_Requirement_
Where a line of the entries holds the string "have", copy that line.

_Exercise inputs_
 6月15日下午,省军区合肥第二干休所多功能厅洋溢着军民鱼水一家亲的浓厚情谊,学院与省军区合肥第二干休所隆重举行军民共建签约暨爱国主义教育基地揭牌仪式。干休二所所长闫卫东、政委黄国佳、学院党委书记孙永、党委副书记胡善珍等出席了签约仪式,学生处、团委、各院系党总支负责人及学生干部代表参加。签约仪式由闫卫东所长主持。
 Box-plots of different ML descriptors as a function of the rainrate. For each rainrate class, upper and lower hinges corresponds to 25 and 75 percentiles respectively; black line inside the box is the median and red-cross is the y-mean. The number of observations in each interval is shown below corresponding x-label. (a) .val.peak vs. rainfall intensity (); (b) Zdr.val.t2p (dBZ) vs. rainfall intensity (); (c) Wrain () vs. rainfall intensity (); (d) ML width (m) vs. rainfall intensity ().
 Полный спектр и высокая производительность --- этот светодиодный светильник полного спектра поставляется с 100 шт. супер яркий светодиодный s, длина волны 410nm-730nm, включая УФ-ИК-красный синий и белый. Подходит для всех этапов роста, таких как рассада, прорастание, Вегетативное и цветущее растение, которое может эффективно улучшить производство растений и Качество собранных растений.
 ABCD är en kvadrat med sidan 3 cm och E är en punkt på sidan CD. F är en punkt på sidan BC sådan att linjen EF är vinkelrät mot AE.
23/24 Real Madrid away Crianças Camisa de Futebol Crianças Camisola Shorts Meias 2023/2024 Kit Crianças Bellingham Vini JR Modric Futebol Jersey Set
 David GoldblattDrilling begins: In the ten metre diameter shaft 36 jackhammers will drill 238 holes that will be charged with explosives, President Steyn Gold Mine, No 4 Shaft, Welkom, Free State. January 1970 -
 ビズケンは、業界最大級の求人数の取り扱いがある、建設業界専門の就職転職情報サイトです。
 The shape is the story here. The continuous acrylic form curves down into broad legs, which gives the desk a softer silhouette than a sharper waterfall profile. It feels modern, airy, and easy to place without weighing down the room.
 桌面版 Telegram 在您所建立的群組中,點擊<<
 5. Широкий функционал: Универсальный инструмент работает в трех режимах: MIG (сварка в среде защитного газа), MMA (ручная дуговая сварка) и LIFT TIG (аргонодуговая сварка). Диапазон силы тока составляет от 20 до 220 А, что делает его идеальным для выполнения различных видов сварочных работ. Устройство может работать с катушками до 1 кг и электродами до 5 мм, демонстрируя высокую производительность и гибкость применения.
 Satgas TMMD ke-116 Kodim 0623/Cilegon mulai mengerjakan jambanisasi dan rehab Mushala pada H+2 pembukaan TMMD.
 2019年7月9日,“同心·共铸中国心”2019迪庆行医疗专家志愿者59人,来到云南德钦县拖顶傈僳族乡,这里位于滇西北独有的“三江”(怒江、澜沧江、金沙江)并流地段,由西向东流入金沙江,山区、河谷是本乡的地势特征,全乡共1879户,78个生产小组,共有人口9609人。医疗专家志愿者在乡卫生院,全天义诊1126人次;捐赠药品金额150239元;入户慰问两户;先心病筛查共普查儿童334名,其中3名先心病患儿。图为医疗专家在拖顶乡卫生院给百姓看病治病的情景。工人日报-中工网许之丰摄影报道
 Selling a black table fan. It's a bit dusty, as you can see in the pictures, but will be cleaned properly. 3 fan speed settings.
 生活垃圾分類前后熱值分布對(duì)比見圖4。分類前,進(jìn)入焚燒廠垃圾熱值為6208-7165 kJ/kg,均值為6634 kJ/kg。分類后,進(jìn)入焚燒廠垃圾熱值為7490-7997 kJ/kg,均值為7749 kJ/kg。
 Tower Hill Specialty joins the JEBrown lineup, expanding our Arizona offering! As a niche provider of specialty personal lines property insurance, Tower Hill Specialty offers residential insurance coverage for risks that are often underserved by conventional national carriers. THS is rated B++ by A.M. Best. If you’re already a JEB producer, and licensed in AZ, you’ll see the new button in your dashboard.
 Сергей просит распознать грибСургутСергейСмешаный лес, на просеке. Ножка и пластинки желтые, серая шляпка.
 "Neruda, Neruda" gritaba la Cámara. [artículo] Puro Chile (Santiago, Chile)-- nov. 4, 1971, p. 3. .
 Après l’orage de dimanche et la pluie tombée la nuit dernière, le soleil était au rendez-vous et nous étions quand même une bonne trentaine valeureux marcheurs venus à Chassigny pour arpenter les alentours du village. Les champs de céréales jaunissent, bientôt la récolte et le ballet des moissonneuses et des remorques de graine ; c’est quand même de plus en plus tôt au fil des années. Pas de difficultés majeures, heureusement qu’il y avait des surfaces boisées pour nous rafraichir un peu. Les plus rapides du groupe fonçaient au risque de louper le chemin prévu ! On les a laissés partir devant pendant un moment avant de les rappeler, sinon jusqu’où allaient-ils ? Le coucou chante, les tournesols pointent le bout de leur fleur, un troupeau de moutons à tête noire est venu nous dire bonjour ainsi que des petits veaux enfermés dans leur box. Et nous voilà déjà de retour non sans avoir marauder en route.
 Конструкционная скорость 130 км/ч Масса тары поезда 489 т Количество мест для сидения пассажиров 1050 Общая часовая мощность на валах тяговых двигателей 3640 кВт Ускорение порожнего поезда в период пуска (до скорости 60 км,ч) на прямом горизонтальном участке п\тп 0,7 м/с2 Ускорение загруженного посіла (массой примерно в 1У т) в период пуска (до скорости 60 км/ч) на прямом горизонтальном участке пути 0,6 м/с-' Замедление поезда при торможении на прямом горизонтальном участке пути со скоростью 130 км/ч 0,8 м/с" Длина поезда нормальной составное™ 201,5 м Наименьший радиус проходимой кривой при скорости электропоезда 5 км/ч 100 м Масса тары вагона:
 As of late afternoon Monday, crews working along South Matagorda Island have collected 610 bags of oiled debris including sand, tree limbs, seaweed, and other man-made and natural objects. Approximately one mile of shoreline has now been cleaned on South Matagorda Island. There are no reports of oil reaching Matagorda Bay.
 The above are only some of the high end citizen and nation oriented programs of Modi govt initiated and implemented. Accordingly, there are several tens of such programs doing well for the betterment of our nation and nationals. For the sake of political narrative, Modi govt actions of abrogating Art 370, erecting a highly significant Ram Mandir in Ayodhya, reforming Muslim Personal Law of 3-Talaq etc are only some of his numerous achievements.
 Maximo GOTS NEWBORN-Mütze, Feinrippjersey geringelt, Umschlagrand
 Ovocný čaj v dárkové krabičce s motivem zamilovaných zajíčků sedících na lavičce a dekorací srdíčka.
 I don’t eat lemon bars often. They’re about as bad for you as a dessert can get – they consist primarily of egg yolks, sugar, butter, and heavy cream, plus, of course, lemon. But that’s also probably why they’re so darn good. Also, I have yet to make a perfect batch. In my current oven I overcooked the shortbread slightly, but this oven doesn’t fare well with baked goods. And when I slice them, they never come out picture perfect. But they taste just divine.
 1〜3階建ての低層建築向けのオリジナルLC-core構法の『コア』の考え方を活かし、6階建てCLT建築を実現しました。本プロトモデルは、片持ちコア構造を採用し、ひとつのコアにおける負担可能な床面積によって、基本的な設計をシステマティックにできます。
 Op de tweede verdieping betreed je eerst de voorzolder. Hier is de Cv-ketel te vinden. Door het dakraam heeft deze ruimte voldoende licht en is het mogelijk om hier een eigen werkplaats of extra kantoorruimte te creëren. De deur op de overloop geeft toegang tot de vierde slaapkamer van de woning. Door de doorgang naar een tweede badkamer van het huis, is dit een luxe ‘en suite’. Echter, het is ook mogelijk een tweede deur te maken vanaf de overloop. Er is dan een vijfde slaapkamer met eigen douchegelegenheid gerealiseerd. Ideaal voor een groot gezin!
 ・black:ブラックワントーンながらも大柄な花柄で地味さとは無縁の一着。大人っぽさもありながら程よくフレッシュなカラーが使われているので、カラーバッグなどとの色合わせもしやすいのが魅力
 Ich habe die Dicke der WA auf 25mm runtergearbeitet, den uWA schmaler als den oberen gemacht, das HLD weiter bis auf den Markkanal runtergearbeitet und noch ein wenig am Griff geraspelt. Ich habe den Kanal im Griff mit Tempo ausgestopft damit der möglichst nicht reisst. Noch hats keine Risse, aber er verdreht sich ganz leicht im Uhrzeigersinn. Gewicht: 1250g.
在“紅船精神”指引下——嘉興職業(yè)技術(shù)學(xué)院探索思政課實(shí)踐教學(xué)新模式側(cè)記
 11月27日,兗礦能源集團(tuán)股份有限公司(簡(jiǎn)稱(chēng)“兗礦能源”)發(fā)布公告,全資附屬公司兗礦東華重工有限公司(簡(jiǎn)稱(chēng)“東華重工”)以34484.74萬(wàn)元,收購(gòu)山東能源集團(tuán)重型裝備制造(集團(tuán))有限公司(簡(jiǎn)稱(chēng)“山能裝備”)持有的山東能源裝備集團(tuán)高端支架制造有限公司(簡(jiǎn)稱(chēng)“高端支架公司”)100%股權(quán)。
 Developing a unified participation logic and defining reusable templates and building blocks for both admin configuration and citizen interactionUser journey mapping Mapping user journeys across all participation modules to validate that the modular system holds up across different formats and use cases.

_Result_
 As of late afternoon Monday, crews working along South Matagorda Island have collected 610 bags of oiled debris including sand, tree limbs, seaweed, and other man-made and natural objects. Approximately one mile of shoreline has now been cleaned on South Matagorda Island. There are no reports of oil reaching Matagorda Bay.
 I don’t eat lemon bars often. They’re about as bad for you as a dessert can get – they consist primarily of egg yolks, sugar, butter, and heavy cream, plus, of course, lemon. But that’s also probably why they’re so darn good. Also, I have yet to make a perfect batch. In my current oven I overcooked the shortbread slightly, but this oven doesn’t fare well with baked goods. And when I slice them, they never come out picture perfect. But they taste just divine.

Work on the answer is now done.